4 de marzo 2020
La muerte de Ernesto Cardenal obliga a un ejercicio de memoria que reconstruya su biografía con el mayor apego a sus ideas. Fue sin duda, Cardenal, un poeta de ideas, un escritor que abrió su poesía a la experiencia de un mundo que amaba y aborrecía. El misterio de ese mundo, contradictoriamente nombrado en su poesía, se sintetizaba en el desencuentro de la belleza de los lagos de Nicaragua, donde fundó comunidades utópicas, y el horror del capitalismo y la dictadura.
En sus Memorias (2003), editadas en dos volúmenes por el Fondo de Cultura Económica, las dos figuras más entrañables, las más acreedoras de una deuda tangible en su vida y obra no eran Fidel y el Che, sino el también poeta nicaragüense, José Coronel Urtecho, y el monje trapense y teólogo norteamericano Thomas Merton.
A través de su maestro, Coronel Urtecho, Cardenal entró en contacto con la gran poesía norteamericana (Whitman, Eliot, Pound, Lowell…), que le aligeró la influencia de Rubén Darío y lo orientó hacia un vanguardismo conversacional. De Merton, Cardenal aprendió un jesuitismo místico, más ascético y utopista que la propia doctrina loyolista que le enseñaron en el seminario de Cuernavaca.
Llama la atención que, de Estados Unidos, un imperialismo y un capitalismo que aparecen en su poesía como metáforas del mal provengan los más poderosos referentes del pensamiento poético y teológico de Cardenal. Eran esas fuentes las que le permitían hablar con propiedad del filibusterismo de William Walker, la expansión de la United Fruit Company o la voracidad de Wall Street. Aquel anticapitalismo de Cardenal estaba informado por la idea poética de la piedad de Pound y por la imagen de Marilyn Monroe, marcando el número equivocado del teléfono de Dios.

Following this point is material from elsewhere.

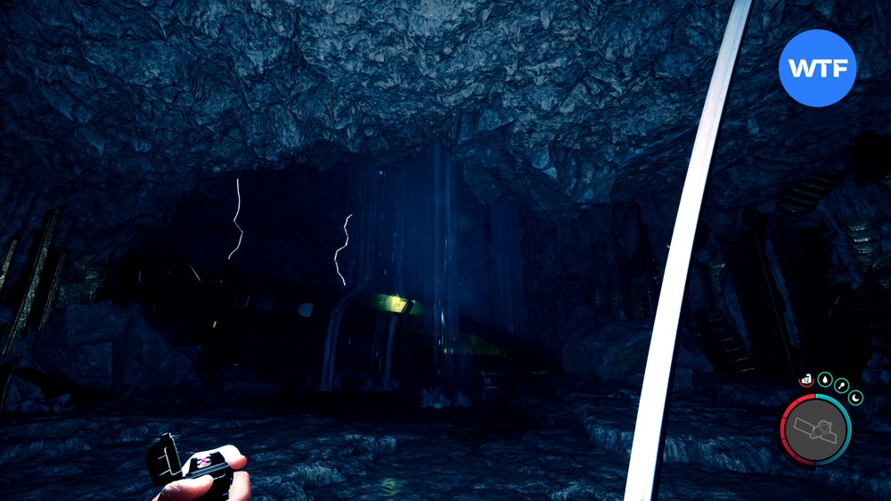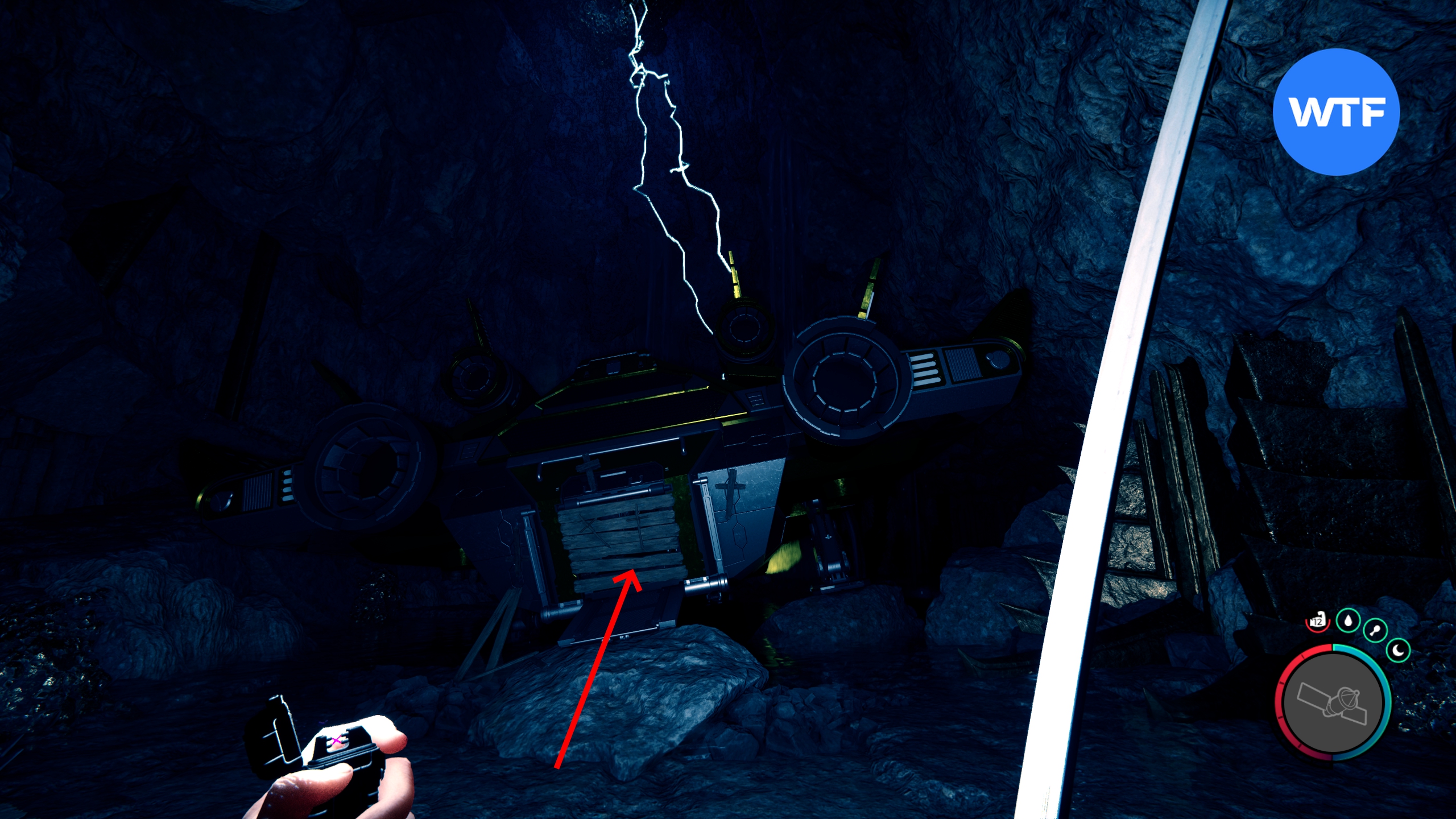 Выйдя из воды, двигайтесь вперед по единственно возможному пути, пока не дойдете до большой области с разбившимся летательным аппаратом и бьющими молниями.

En casi todos los poemarios de Cardenal, desde los Epigramas (1961) y los Salmos (1964), hasta el Cántico cósmico (1989) y El telescopio de la noche oscura (1993), había aquellas pastorales contra el mercado, curiosamente abastecidas por el imaginario poético de Estados Unidos. No es raro que aquel poeta, ordenado como sacerdote en los años del Concilio Vaticano Segundo, abrazara la Teología de la Liberación y respaldara la Revolución Sandinista. La mayor parte de la intelectualidad nicaragüense estaba contra Anastasio Somoza en los años 60 y 70.
Menos previsible fue que Cardenal, al final de su vida, se opusiera tan enérgicamente a Daniel Ortega, Rosario Murillo y quienes se apropiaron autoritariamente de aquella revolución. Oponerse a Ortega le supuso distanciarse de la Cuba de Fidel y Raúl Castro, que siempre respaldó desde 1959. Pero vale la pena recordar que aquel respaldo también tuvo sus fisuras, como se lee en el libro En Cuba (1972); testimonio de un viaje a la isla en el que Cardenal denunció la persecución de católicos y homosexuales, rockeros y hippies, la censura del marxismo occidental en la Universidad de La Habana y los campos de concentración de las tenebrosas UMAPs.